§ **Task directions**:
For this exercise, retype the lines from the one that holds "후보에겐 인색했다. |" through the one that holds "Vòi rửa chén" in the records below, both included, exactly and without pictures.

§ **The data**:
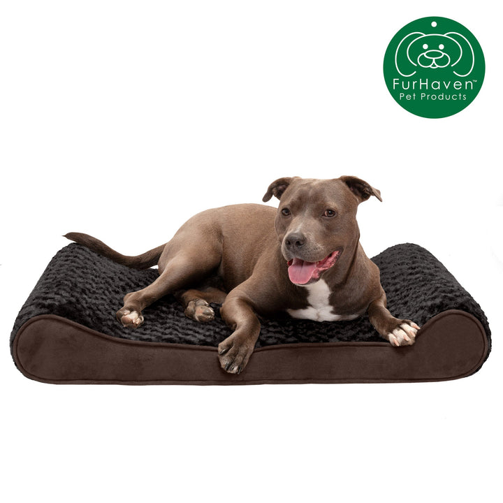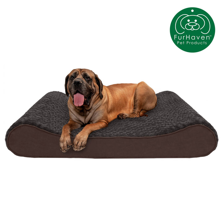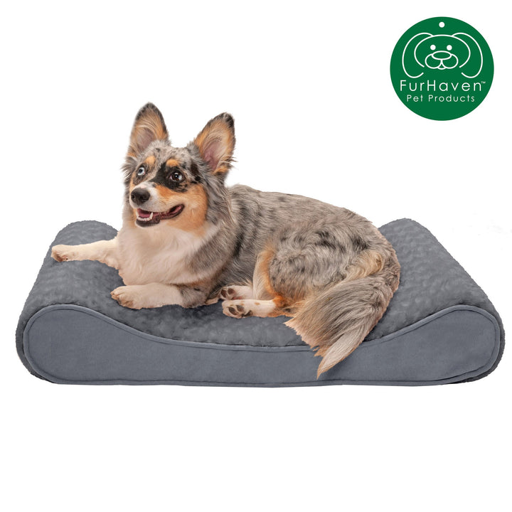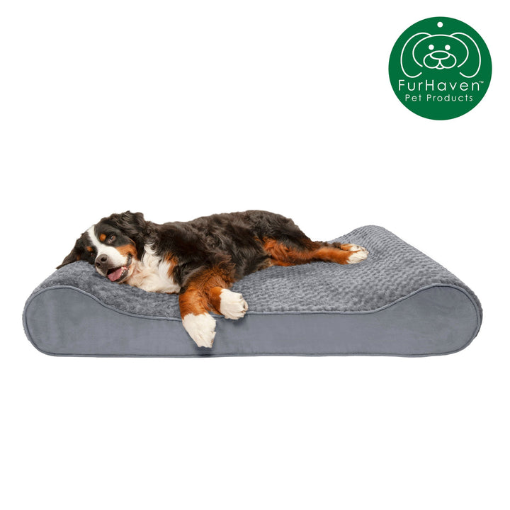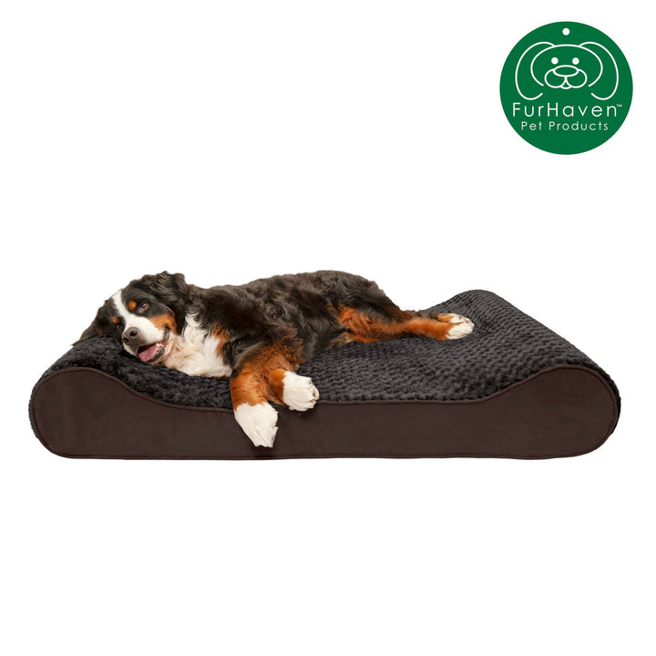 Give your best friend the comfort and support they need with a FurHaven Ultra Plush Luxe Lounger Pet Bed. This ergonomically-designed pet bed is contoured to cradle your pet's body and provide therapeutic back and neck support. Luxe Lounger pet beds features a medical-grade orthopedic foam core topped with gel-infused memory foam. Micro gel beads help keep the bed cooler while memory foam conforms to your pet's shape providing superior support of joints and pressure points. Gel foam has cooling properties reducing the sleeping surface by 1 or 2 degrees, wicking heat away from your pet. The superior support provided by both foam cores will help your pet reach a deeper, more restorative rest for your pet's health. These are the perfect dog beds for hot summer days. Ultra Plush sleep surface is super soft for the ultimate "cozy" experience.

---

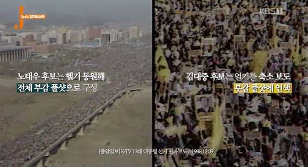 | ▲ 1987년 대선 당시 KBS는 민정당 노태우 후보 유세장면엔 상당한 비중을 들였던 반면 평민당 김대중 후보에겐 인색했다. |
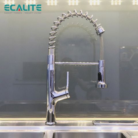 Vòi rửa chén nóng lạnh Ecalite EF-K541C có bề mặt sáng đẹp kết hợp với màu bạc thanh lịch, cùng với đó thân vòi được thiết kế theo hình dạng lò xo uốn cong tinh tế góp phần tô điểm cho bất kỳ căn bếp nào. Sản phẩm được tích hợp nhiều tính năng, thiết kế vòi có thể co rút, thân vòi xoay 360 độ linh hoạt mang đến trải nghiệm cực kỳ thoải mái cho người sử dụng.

§ **Completed task**:
 | ▲ 1987년 대선 당시 KBS는 민정당 노태우 후보 유세장면엔 상당한 비중을 들였던 반면 평민당 김대중 후보에겐 인색했다. |
 Vòi rửa chén nóng lạnh Ecalite EF-K541C có bề mặt sáng đẹp kết hợp với màu bạc thanh lịch, cùng với đó thân vòi được thiết kế theo hình dạng lò xo uốn cong tinh tế góp phần tô điểm cho bất kỳ căn bếp nào. Sản phẩm được tích hợp nhiều tính năng, thiết kế vòi có thể co rút, thân vòi xoay 360 độ linh hoạt mang đến trải nghiệm cực kỳ thoải mái cho người sử dụng.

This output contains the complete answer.